Keynotes

We have the pleasure of welcoming our keynote speakers at CompSys'26.

Tuesday June 16, 10:00
Title: Emerging Industrial AI Systems: Large Industry Models, AI Infrastructure, and Quantum Computing
By Andre Luckow (BMW Group IT & Ludwig-Maximilians-Universität München)
Abstract: Computational demands in the automotive industry are rising rapidly due to the increasing use of AI across engineering, manufacturing, and business processes, as well as the growing scale of industrial and engineering simulation. In this talk, we present AI applications together with the compute and platform infrastructure required to support them. We focus on Large Industry Models (LIMs), which combine industrial data with domain-adapted foundation models to enable engineering reasoning and process-aware decision-making in industrial applications. While AI is transforming computing, continued scaling faces increasing computational and algorithmic limits. Thus, quantum computing may complement AI in selected domains. We therefore examine emerging quantum and hybrid algorithms for AI, optimization, and simulation, and discuss their integration into future heterogeneous compute architectures.
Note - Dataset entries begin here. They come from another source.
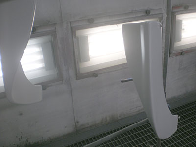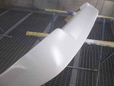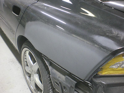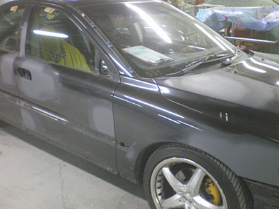 ◆ボルボ(全塗装)下地作業中です。エアロのフィッティングをし、サフェーサーを入れました。
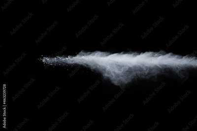 White powder explosion on black background. Colored cloud. Colorful dust explode. Paint Holi.
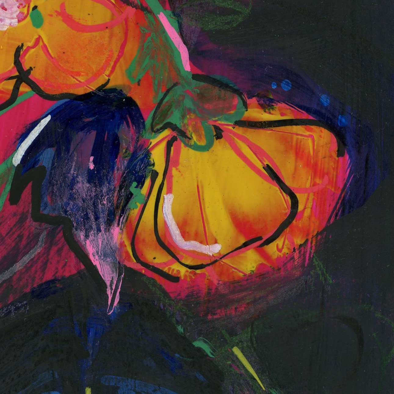 The original is mixed media - Rose loves building layers of acrylic, oil pastels, posca pens, charcoal, spray paint, so there's an incredible depth and detail that the print captures perfectly.

Short bio: Andre Luckow is Head of Innovation and Emerging Technologies at BMW Group IT and lecturer at Ludwig-Maximilians-Universität München. He leads BMW Group IT’s global Tech Office Network, with locations in the United States, China, India, and Germany. His research spans high-performance and distributed computing systems, including HPC and cloud middleware for heterogeneous compute infrastructures. More recently, his work has focused on AI/ML systems at scale and quantum-classical hybrid computing, with contributions to quantum middleware and hybrid algorithms for optimization and simulation.
Wednesday June 17, 14:00
Title: Succeeding with Agentic AI through Integration
By Misja Heuveling (IBM)
Abstract: AI is a hot topic in boardrooms today. Today’s leaders see AI as the next Industrial Revolution, creating new opportunities. While exploring all the new opportunities, MIT reports that 95% of the AI projects never make it to production. During this session you will learn about one of the root causes for the failure of these projects, namely the IT complexity and difficulty to securely connect to the right data and systems. During this session we will explain what Agentic AI is and why AI agents only succeed when they are grounded in trusted, well-governed data and capabilities. Attendees will learn how integration platforms can securely expose enterprise data and business functions as reusable services, enabling AI agents to operate safely, reliably, and at scale. You will learn more about AI and MCP gateways, how these allow AI agents to communicate using the Model Context Protocol (MCP) through the integration platform to enterprise systems in such a way that AI projects can be taken into production in a successful manner.
Short bio: As Field CTO for IBMs integration portfolio, Misja Heuveling brings deep expertise in the integration domain, helping organizations navigate complex digital transformation challenges. Passionate about innovation, Misja is a trusted advisor to his customers across Benelux and beyond. Misja and his team partner with customers to architect scalable, future-proof integration strategies that bridge cloud and on-premises environments to accelerate business agility and productivity. His experience and strategic insight empower businesses to unlock the full potential of their data and applications.
Thursday June 18, 09:15
Title: Quality-Critical Distributed Computing and Artificial Intelligence for Scientific Research
By Zhiming Zhao (UvA)
Abstract: Advanced data science and AI technologies are opening new pathways for addressing complex societal and scientific challenges. However, developing effective software systems to harness these opportunities involves significant software and computational hurdles. Integrating emerging technologies into the research lifecycle as a novel problem-solving paradigm requires assembling research software components with varying levels of maturity. Moreover, achieving the system-level performance demanded by quality-critical applications, such as Digital Twins, real-time simulations and predictive decision-making, necessitates end-to-end optimization spanning design, deployment, and runtime adaptation. AI technologies have attracted considerable attention for their role in developing algorithms tailored to such quality-critical scientific applications. In this talk, we explore AI-based methods for quality-critical programming, scheduling, and adaptation within a software framework that operates across multiple service layers, bridging both development and operations (DevOps). We also discuss the challenges that quality-critical computing research faces in supporting large-scale AI and Digital Twin applications across distributed infrastructures.
Short bio: Dr. Zhiming Zhao is an Associate Professor and leader of the Multiscale Networked Systems (MNS) research group at the Informatics Institute, University of Amsterdam (UvA). His research focuses on developing innovative programming and control models for quality-critical systems on programmable infrastructures — including Clouds, Edges, and Software-Defined Networks — leveraging optimization and artificial intelligence technologies. Supported by a range of EU and Dutch research projects, his team develops Digital Twinning solutions, Virtual Research Environments, and cloud automation tools to tackle data and computational challenges in both industrial innovation and scientific research. Dr. Zhao is a Senior Member of IEEE and serves as Managing Editor of the Journal of Cloud Computing.